**Aim of the exercise:** Output exactly, and only, the lines below from the one with "You can also" down to the one with "Trikoyu Knitss şıklığı". Include both end lines and no pictures.

Dataset items
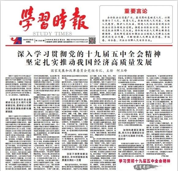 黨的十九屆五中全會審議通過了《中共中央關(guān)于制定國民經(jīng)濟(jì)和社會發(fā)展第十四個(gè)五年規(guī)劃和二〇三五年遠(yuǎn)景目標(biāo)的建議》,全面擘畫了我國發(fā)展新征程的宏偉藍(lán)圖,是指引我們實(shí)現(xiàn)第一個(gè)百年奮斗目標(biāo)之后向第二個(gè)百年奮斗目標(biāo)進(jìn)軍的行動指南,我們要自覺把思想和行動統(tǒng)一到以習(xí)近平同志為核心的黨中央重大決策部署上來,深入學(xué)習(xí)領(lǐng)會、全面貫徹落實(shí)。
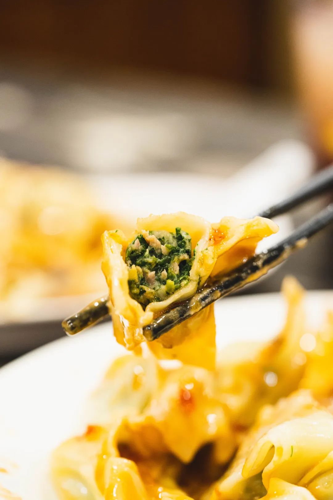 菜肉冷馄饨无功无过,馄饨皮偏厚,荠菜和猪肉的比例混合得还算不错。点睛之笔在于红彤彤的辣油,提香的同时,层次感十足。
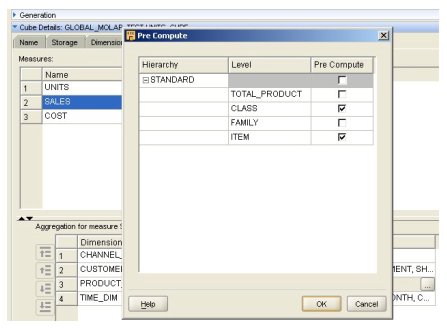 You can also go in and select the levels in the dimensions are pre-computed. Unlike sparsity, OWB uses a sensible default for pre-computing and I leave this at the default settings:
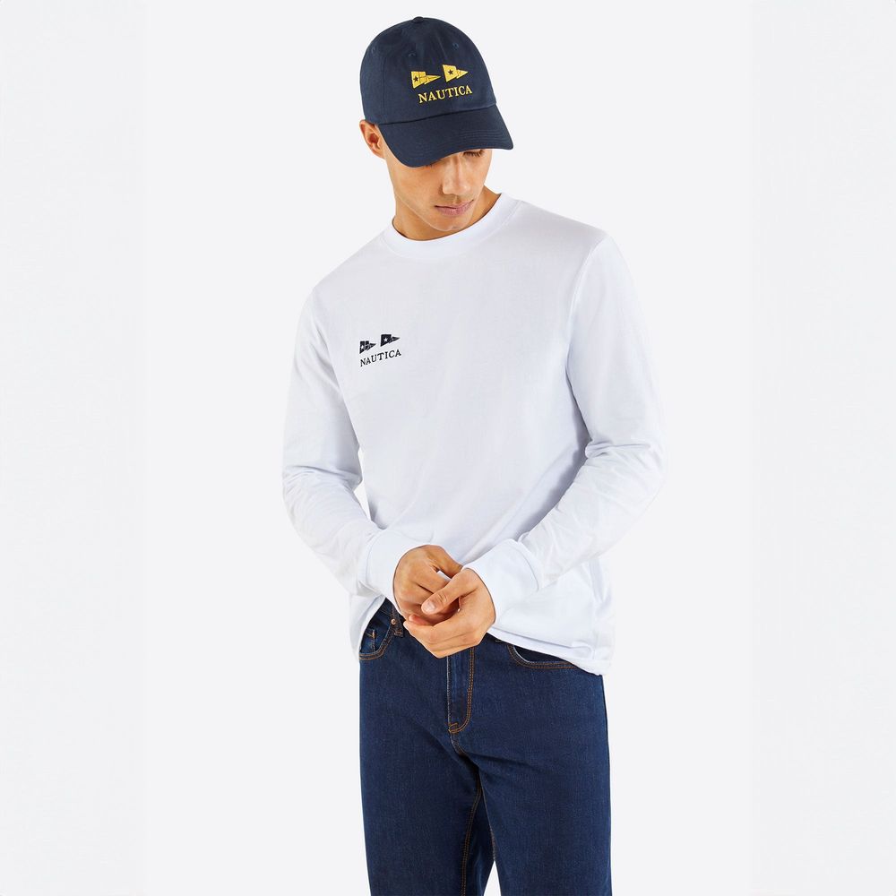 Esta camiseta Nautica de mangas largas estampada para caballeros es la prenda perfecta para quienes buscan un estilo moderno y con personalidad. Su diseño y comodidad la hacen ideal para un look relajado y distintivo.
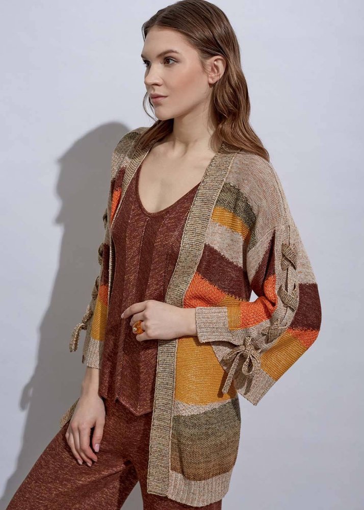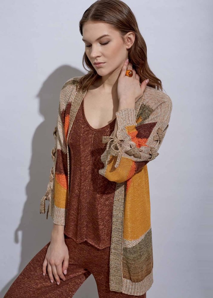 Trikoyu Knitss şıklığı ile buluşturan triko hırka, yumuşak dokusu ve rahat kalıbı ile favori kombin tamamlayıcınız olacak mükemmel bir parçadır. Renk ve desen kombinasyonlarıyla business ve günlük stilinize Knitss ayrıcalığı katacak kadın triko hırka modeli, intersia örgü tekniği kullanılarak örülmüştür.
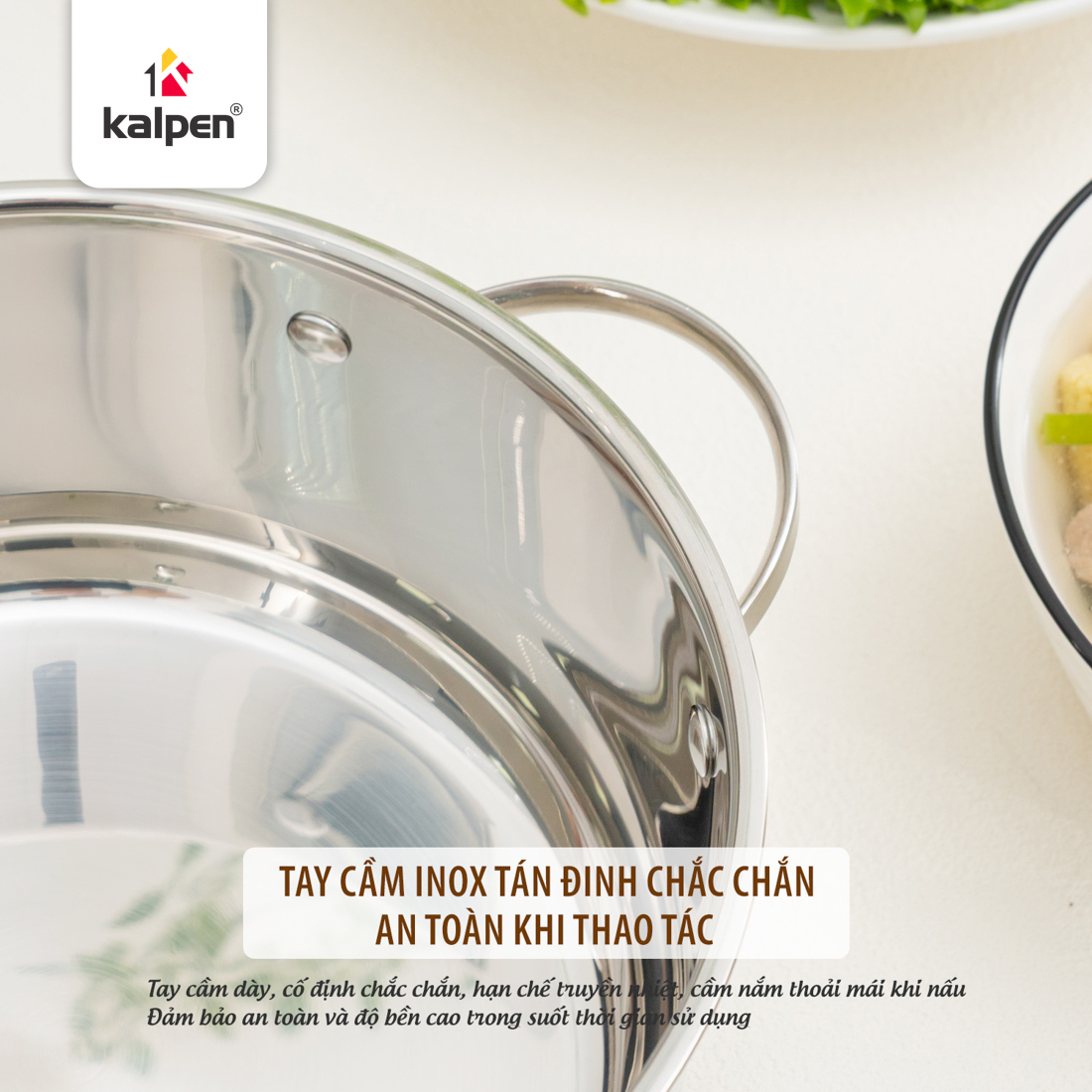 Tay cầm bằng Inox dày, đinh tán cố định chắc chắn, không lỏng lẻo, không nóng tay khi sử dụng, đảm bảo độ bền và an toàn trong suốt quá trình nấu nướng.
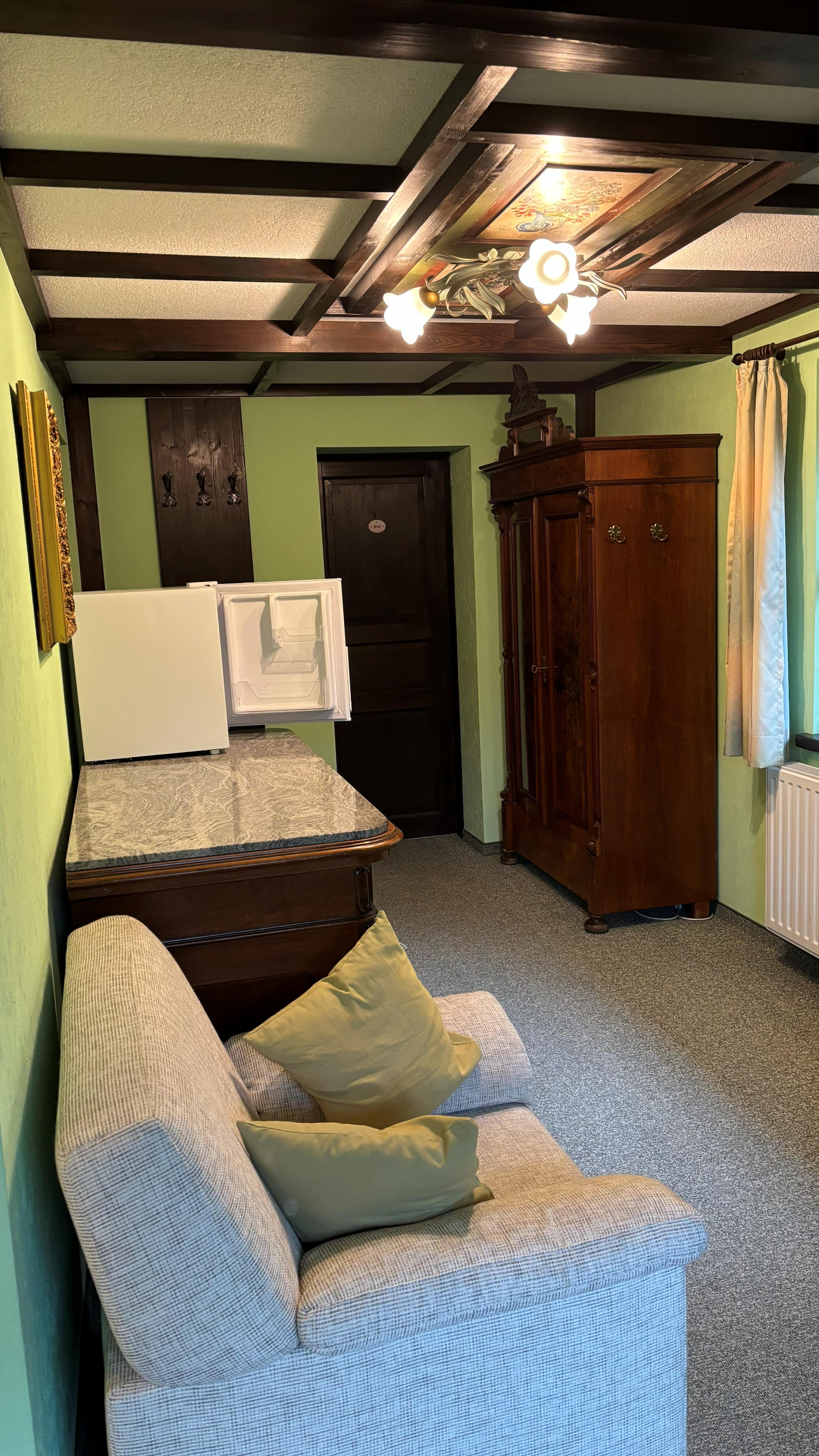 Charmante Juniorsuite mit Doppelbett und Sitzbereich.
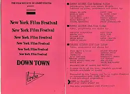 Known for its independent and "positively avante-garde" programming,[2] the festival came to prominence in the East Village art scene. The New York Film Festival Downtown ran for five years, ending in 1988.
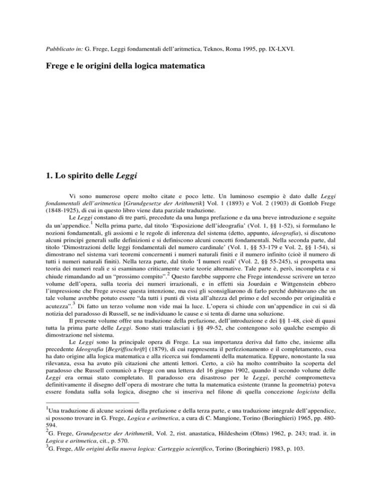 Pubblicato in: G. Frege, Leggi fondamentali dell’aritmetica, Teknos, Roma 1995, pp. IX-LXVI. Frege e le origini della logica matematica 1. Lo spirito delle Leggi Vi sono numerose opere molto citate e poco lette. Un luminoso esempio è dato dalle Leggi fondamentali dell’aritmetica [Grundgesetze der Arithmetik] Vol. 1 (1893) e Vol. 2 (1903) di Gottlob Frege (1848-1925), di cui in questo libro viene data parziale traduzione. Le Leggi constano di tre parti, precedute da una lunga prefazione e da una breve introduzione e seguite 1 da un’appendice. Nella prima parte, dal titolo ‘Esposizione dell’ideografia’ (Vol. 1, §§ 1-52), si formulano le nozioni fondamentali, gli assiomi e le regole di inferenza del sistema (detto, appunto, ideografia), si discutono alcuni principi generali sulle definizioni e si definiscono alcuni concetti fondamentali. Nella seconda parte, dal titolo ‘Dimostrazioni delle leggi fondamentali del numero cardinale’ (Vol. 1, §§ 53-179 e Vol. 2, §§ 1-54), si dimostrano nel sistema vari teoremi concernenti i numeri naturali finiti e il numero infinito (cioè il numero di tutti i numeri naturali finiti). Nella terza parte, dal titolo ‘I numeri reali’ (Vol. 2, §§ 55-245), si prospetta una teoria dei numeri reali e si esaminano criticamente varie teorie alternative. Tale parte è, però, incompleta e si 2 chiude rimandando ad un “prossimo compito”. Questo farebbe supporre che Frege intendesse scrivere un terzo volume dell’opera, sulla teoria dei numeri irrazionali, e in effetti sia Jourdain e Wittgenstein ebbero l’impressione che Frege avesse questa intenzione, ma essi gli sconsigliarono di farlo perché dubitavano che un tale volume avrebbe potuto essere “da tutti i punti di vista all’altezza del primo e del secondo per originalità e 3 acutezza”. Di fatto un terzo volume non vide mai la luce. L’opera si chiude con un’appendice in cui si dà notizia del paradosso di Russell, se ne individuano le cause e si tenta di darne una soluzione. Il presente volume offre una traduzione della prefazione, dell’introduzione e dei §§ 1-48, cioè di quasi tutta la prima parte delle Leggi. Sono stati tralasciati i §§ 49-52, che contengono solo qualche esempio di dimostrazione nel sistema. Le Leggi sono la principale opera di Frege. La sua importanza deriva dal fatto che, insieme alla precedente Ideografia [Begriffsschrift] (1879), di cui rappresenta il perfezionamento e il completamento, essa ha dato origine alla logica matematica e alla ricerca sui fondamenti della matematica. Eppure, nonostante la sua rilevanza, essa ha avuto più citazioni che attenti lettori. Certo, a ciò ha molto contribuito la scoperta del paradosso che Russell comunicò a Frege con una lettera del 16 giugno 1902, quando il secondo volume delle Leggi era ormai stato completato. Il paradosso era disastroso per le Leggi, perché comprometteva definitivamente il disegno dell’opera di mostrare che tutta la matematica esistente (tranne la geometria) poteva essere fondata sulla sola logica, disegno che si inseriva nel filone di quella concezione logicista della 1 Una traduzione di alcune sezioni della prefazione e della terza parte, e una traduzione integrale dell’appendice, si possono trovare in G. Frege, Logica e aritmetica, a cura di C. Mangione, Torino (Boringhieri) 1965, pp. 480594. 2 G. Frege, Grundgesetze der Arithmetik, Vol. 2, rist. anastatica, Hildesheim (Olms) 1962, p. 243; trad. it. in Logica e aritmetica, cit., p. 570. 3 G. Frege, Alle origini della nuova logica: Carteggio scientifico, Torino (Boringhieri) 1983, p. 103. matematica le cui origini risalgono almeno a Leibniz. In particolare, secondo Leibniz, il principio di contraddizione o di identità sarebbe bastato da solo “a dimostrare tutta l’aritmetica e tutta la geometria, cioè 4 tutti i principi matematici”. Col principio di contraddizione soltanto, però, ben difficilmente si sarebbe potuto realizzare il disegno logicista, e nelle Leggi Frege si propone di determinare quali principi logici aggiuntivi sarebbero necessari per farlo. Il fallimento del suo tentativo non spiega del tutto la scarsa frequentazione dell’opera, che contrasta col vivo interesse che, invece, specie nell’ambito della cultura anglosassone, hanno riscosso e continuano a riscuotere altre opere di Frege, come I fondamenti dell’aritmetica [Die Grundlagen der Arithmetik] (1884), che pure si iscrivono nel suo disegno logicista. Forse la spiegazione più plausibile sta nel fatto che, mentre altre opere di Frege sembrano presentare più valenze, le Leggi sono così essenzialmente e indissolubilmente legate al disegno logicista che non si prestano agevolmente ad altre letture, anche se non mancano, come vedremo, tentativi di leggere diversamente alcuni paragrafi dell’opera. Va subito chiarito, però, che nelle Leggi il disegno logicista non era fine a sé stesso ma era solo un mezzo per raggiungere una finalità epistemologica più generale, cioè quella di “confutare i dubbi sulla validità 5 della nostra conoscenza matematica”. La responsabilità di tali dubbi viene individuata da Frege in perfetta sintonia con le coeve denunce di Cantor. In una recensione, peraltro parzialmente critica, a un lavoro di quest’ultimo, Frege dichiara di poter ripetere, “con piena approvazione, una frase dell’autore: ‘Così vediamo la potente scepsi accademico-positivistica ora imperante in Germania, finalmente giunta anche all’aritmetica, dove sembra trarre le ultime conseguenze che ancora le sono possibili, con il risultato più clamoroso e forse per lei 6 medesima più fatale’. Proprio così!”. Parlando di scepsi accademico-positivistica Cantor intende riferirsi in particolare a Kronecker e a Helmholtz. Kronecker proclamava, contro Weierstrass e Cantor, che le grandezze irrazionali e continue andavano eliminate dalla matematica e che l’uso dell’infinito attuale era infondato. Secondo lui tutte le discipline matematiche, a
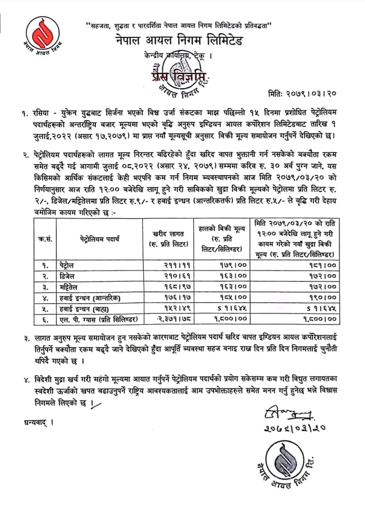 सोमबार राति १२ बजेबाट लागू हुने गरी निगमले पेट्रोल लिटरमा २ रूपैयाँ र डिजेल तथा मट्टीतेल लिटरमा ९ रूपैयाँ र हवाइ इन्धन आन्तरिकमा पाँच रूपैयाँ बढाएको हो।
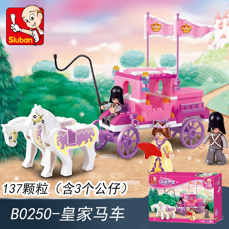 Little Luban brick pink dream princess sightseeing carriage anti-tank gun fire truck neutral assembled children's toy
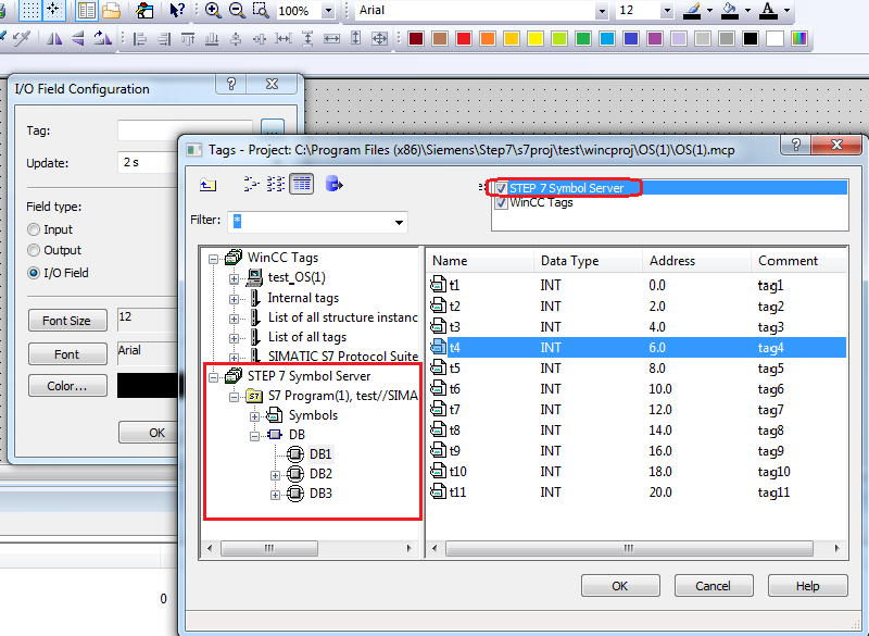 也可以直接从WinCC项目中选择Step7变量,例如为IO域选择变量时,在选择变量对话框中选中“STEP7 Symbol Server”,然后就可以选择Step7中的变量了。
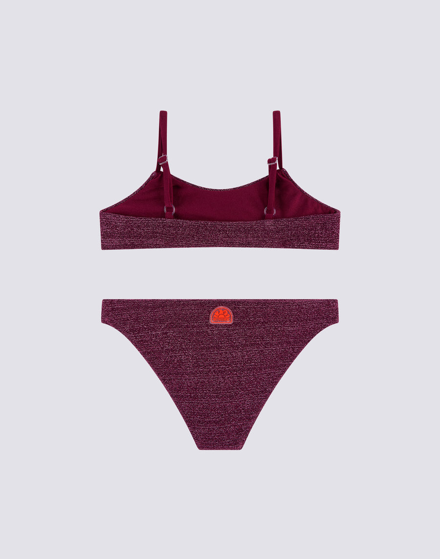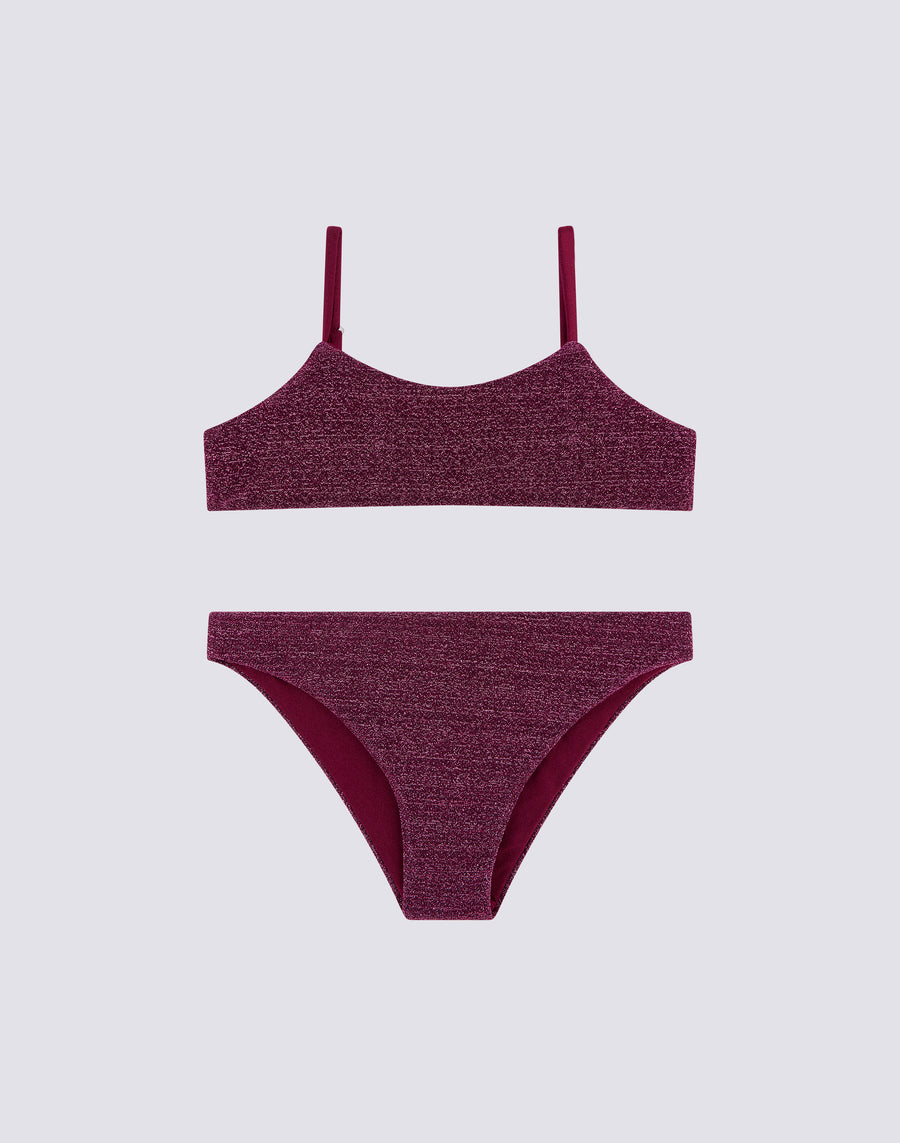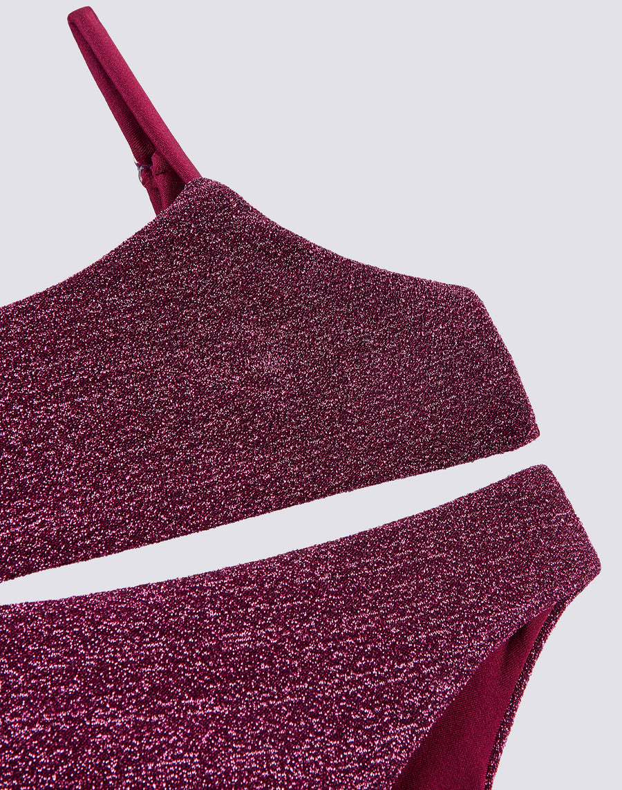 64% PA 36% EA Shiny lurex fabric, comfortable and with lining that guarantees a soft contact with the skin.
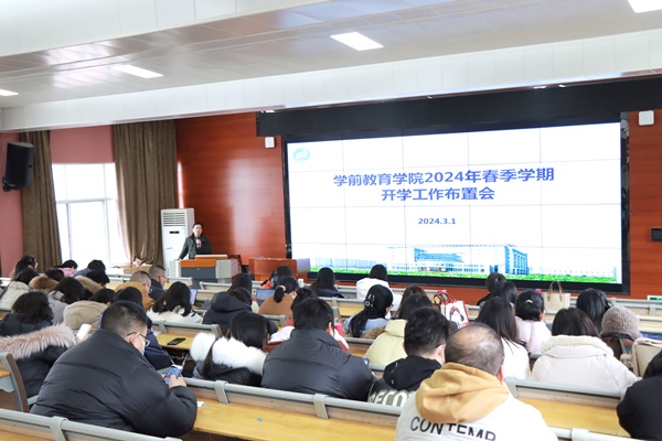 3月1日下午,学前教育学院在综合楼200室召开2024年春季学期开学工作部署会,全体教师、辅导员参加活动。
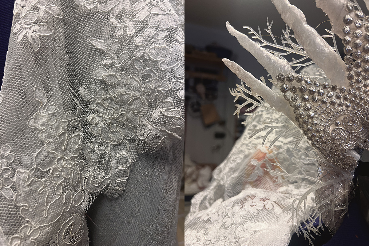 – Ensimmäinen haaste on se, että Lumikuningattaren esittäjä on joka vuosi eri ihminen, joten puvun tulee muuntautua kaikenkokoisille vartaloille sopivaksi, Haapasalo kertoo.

**Task answer:**
 You can also go in and select the levels in the dimensions are pre-computed. Unlike sparsity, OWB uses a sensible default for pre-computing and I leave this at the default settings:
 Esta camiseta Nautica de mangas largas estampada para caballeros es la prenda perfecta para quienes buscan un estilo moderno y con personalidad. Su diseño y comodidad la hacen ideal para un look relajado y distintivo.
 Trikoyu Knitss şıklığı ile buluşturan triko hırka, yumuşak dokusu ve rahat kalıbı ile favori kombin tamamlayıcınız olacak mükemmel bir parçadır. Renk ve desen kombinasyonlarıyla business ve günlük stilinize Knitss ayrıcalığı katacak kadın triko hırka modeli, intersia örgü tekniği kullanılarak örülmüştür.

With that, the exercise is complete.